[WORK ORDER]
Output the line with "Welcome to DripMail!" and every following line to the end of the material, exactly as they appear.

BEGIN GIVEN INFORMATION

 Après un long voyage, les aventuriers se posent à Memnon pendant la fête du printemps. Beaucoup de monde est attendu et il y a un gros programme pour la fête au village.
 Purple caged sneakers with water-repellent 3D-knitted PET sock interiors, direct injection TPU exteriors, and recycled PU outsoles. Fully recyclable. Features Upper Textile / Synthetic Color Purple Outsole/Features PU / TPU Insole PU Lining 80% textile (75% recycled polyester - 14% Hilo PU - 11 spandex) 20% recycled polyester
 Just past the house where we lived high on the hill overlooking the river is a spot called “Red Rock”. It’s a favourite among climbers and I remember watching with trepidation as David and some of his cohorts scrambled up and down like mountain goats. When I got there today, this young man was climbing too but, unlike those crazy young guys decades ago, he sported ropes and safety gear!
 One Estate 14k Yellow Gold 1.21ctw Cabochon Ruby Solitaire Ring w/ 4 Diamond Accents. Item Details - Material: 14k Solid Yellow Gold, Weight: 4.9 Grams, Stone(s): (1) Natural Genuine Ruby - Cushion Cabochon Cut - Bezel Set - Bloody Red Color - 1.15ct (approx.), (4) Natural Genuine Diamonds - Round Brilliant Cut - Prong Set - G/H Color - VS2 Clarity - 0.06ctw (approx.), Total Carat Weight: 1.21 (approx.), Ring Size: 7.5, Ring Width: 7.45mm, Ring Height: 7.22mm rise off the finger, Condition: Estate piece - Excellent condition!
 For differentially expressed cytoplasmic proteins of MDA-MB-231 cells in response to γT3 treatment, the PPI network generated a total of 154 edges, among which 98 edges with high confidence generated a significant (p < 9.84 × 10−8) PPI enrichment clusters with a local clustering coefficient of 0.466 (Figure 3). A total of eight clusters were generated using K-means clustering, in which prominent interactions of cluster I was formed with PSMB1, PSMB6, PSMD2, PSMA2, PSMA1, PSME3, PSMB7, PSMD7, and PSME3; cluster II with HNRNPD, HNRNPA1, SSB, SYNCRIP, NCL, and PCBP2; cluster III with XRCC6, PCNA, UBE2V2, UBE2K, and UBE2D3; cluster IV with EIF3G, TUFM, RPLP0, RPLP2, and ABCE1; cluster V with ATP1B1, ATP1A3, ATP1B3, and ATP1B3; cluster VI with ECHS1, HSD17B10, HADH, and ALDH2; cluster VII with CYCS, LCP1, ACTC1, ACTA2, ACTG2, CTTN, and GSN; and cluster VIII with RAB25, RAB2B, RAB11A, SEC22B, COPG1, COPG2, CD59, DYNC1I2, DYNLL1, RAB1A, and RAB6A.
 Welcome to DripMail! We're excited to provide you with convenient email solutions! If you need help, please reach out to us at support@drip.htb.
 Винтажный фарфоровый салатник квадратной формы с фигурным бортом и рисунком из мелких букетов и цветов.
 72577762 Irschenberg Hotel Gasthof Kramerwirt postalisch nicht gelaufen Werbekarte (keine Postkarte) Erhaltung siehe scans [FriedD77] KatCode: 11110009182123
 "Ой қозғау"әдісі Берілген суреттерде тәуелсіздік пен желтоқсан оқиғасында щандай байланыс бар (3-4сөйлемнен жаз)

END GIVEN INFORMATION

[RESULT FOR THIS TASK]
 Welcome to DripMail! We're excited to provide you with convenient email solutions! If you need help, please reach out to us at support@drip.htb.
 Винтажный фарфоровый салатник квадратной формы с фигурным бортом и рисунком из мелких букетов и цветов.
 72577762 Irschenberg Hotel Gasthof Kramerwirt postalisch nicht gelaufen Werbekarte (keine Postkarte) Erhaltung siehe scans [FriedD77] KatCode: 11110009182123
 "Ой қозғау"әдісі Берілген суреттерде тәуелсіздік пен желтоқсан оқиғасында щандай байланыс бар (3-4сөйлемнен жаз)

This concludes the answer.